Die Stickstoffverbindung Nitrat ist potenziell gesundheitsschädlich und verschmutzt das Grundwasser Foto: Philipp Schulze/dpa

BERLIN taz | Die Europäische Kommission stellt ihr Strafverfahren gegen Deutschland wegen der Wasserverschmutzung durch Nitrat aus Dünger ein. Bund und Länder hätten ihre Düngevorschriften so überarbeitet, dass sie der EU-Nitratrichtlinie entsprechen und die Belastung der Gewässer verringern, teilte die Behörde am Donnerstag mit. „Damit sind auch die drohenden, sehr hohen Strafzahlungen vom Tisch“, ergänzten die von den Grünen geführten Bundesministerien für Umwelt und Landwirtschaft.

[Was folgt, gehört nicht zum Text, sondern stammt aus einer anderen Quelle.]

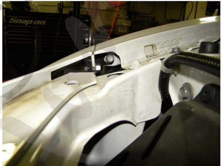
8. 10mm bolt location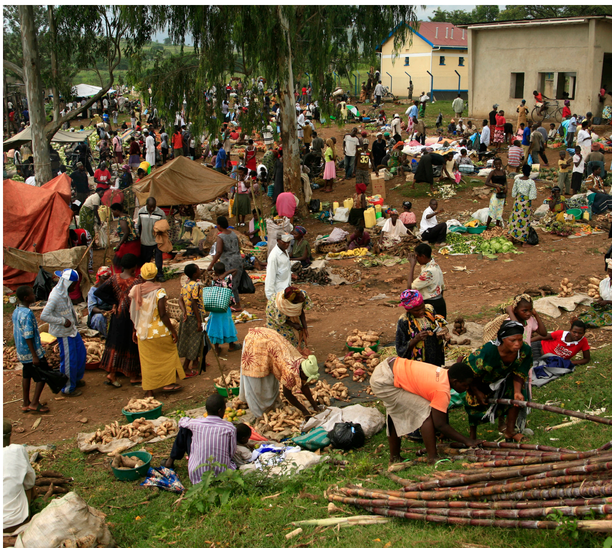
Market in Uganda.

Much of the recent research on agricultural technology adoption assumes that quality inputs are available and focuses instead on demand-side barriers to uptake. However, supply-side challenges, including the availability of the technology in the first place, should not be ignored. Better information, whether about product quality or about agricultural practices, has a key role to play in addressing both these challenges.

Es sei mit einem Pauschalbetrag von mindestens 17 Millionen Euro und einem täglichen Zwangsgeld von bis zu 1,1 Millionen Euro zu rechnen gewesen.

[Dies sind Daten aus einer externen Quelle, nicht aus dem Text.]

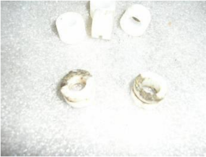
Figure 18: Parts that we ourselves manufactured. Subdivision after pattern.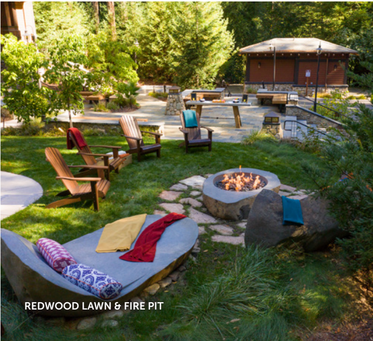
REDWOOD LAWN & FIRE PIT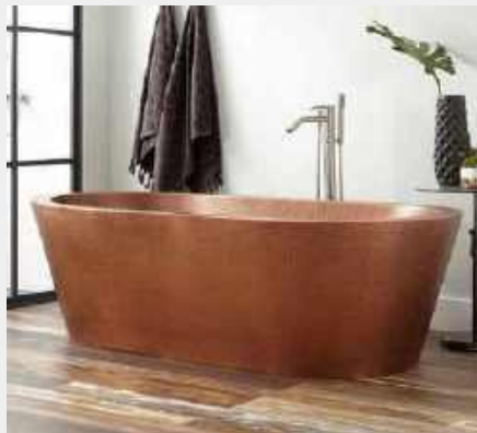
Double Flat Edged Hammered Bath

Die Stickstoffverbindung Nitrat etwa aus Gülle ist potenziell gesundheitsschädlich und verschmutzt das Grundwasser, aus dem das meiste Trinkwasser gewonnen wird. Zu viel Dünger trägt zum Aussterben von Pflanzen- und Tierarten sowie zum Klimawandel bei. Wenn beispielsweise mehr Stickstoff ausgebracht wird, als die Pflanzen aufnehmen können, versickert er.

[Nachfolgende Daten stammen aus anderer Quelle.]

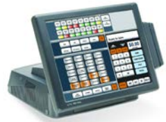
Software Version CITGO 10.0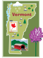
Vermont Fair Association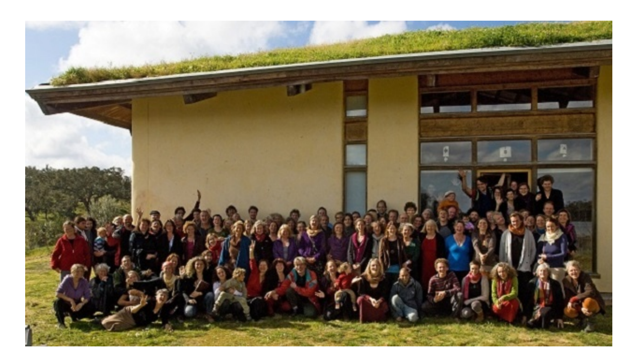
Figure 3: Group picture of the Tamera community.

The socio-economic standing of Tamera community members contrasts with the surrounding villages, but also Portugal as a whole. This is to a large extent a result of the internal economy of the community, and also because of the criteria for accessing membership, which creates selective pressures that favor people with the following characteristics: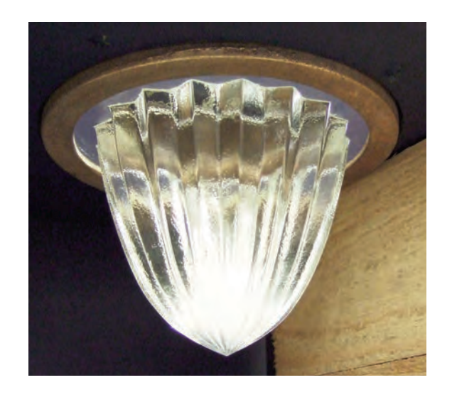
2414 Deep Frame Oblong

Da im hiesigen Grundwasser häufig mehr Nitrat festgestellt wurde als die EU-Richtlinie erlaubt, verurteilte der Europäische Gerichtshof 2018 die Bundesrepublik. Weil Deutschland nach Meinung der Kommission auf das Urteil nicht ausreichend reagierte, startete sie ein zweites Vertragsverletzungsverfahren. Daraufhin weiteten die Bundesländer die besonders nitratbelasteten, „roten Gebiete“ aus, wo grundsätzlich nur noch 20 Prozent weniger Stickstoff als angeblich nötig gedüngt werden darf. Die Bundesregierung verlängerte auch die Sperrfristen, in denen gar nicht gedüngt werden darf, verbot das Düngen auf gefrorenen Böden und verschärfte die Vorschriften auf Hängen.

Überdüngung gesunken, aber nicht genug

„Es ist was passiert. Die Nährstoffüberschüsse sind zurückgegangen“, sagte der taz Friedhelm Taube, Agrarprofessor an der Universität Kiel. Aber sie seien immer noch zu hoch. Im mehrjährigen Mittel brächten die Landwirte in Deutschland pro Hektar im Schnitt 90 Kilogramm Stickstoff zu viel aus. Ziel bis zum Jahr 2030 seien 70 Kilogramm.

„Für die Umwelt bedeutet die Einstellung des Vertragsverletzungsverfahrens, dass da nun ein Druckpotenzial fehlt“, kritisierte Martin Hofstetter, Agraringenieur der Umweltorganisation Greenpeace. Die Kommission hätte warten sollen, bis die Verursacher von Überdüngung wirklich sanktioniert werden können. Der Bundesverband der Energie- und Wasserwirtschaft (BDEW) erinnerte daran, dass die Länder die Vorgaben des Bundes aus der EU-Nitratrichtlinie „noch immer“ nicht vollständig umgesetzt hätten.

Tatsächlich sieht der Bauernverband die Brüsseler Entscheidung als Möglichkeit, das Düngerecht wieder zu entschärfen. „Die Ampelkoalition muss jetzt den aktuellen Regierungsentwurf des Düngegesetzes kritisch prüfen und anpassen“, teilte der Verband mit.